In the writings of the Jewish historian Josephus of the first century AD, zealots were the fourth and final of the Jewish religious sects in the Roman province of Palestine of his time. Today, we know the word to mean firebrands. They are understood to be absolutely committed, blinded to alternative knowledge, and can be monomaniacal to such an extent that the restraints of compassion and reason are stunted.

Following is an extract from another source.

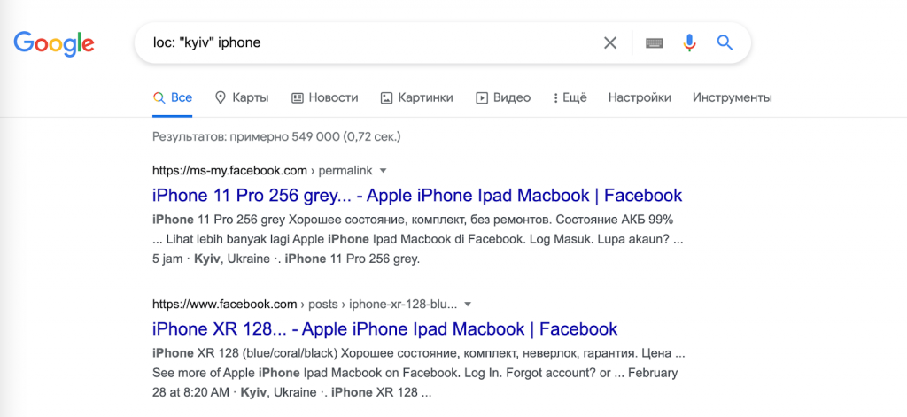 Пример использования: loc:”kyiv” iphone

Firebrands are frequently blinkered and susceptible to committing atrocities and stumbling into big blunders. A class of fanatic, newly enthused by the late 19th century’s initial and facile discoveries in the science of heredity, appeared as devotees of eugenics: breed a better human as you would a hunting dog. Enthusiasts were everywhere in the period from the US Supreme Court (Oliver Wendell Holmes, “Three generations of imbeciles are enough”, Buck v. Bell, 1927) to Germany’s National Socialist German Workers Party (Nazis) of the 1920’s and 30’s (see below).
In 1940, the fate of the wife of the journalist and writer Joseph Roth, Friedl Reichler, would be swallowed in the mania for the pseudoscience. Suffering from schizophrenia, she was institutionalized, and there she was in an asylum waiting to be rounded up in the Nazi euthanasia campaign of that year. She and fellow patients were gathered, transported to a camp, stripped naked, and marched into a gas chamber.
What makes a person an active participant in abject brutality? Mark Twain may have gotten it right when he wrote:
“It ain’t what you don’t know that gets you into trouble. It’s what you know for sure that just ain’t so.”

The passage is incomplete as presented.